Bio

I am a Global Lead for Labor and Skills at the World Bank Social Protection and Jobs Practice. My interest is in both policy practice and research. My fields of work are development and labor economics. 

I  work with national governments and country and sector teams across the World Bank, leading policy dialogue and analytic programs, and supporting the design and implementation of investment financing projects.  I also lead the design and impact evaluation of novel pilot approaches, joint with partner countries, World Bank project teams, NGOs and the private sector, to create more jobs, connect people to jobs, and increase the quality of jobs.

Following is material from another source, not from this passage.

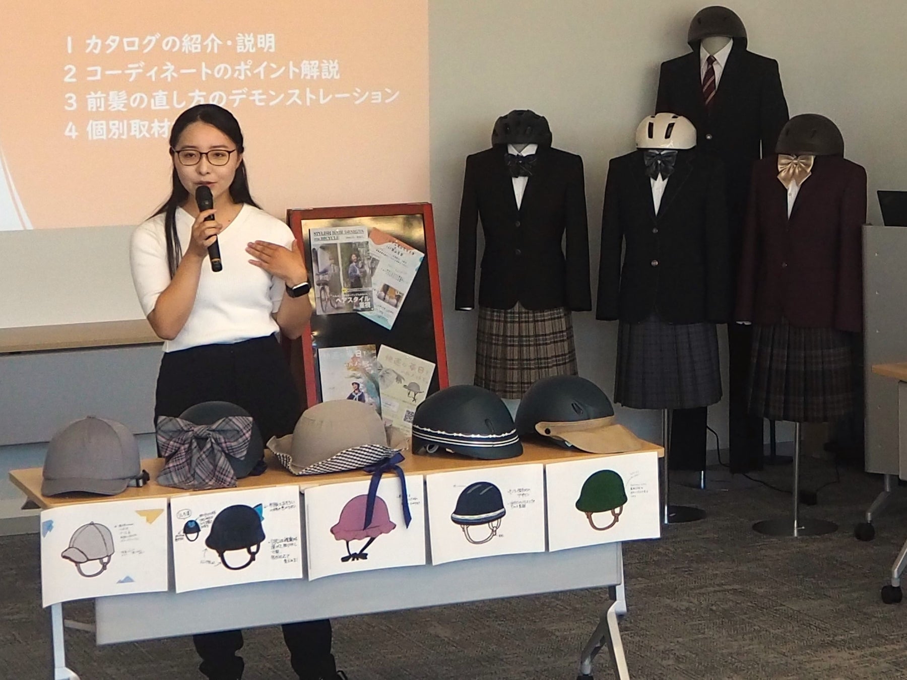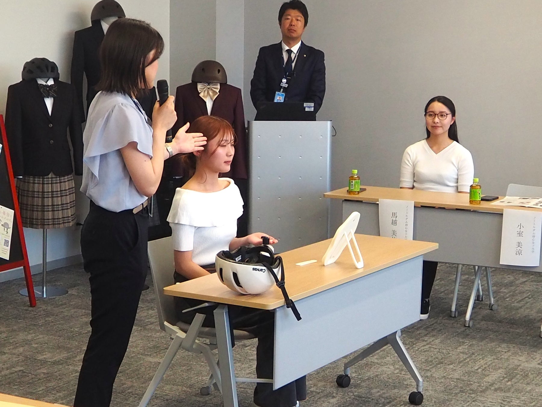 完成披露会では、制服とヘルメットの“かわいい・かっこいい”コーディネートのポイントや、前髪のなおし方を動画とデモンストレーションで紹介。特に15~17歳の自転車事故が増加する5~7月に向けて、安全とオシャレを両立する提案を行いました。

Since joining the World Bank as Young Professional in 2011, I have conducted work on poverty, social protection, skills, jobs, labor markets and gender in a number of countries in Sub-Saharan Africa, South Asia, East Asia, and Latin America. I have served as Country Poverty Economist for Ethiopia and as Technical Adviser for the Africa Gender Innovation Lab, a gender-focused impact evaluation group at the Africa Chief Economist Office. 

I am non-resident Research Fellow at the Institute for the Study of Labor (IZA, Bonn) and have published articles in the American Economic Review, the American Economic Journal: Applied Economics, and the Review of Economics and Statistics. From 2019 to 2022, I was an Adjunct Lecturer at the Harvard Kennedy School, in the Master in Public Administration in International Development (MPA/ID) Program. 

I hold an MPA in International Development and a PhD in Political Economy and Government (Economics) from Harvard University.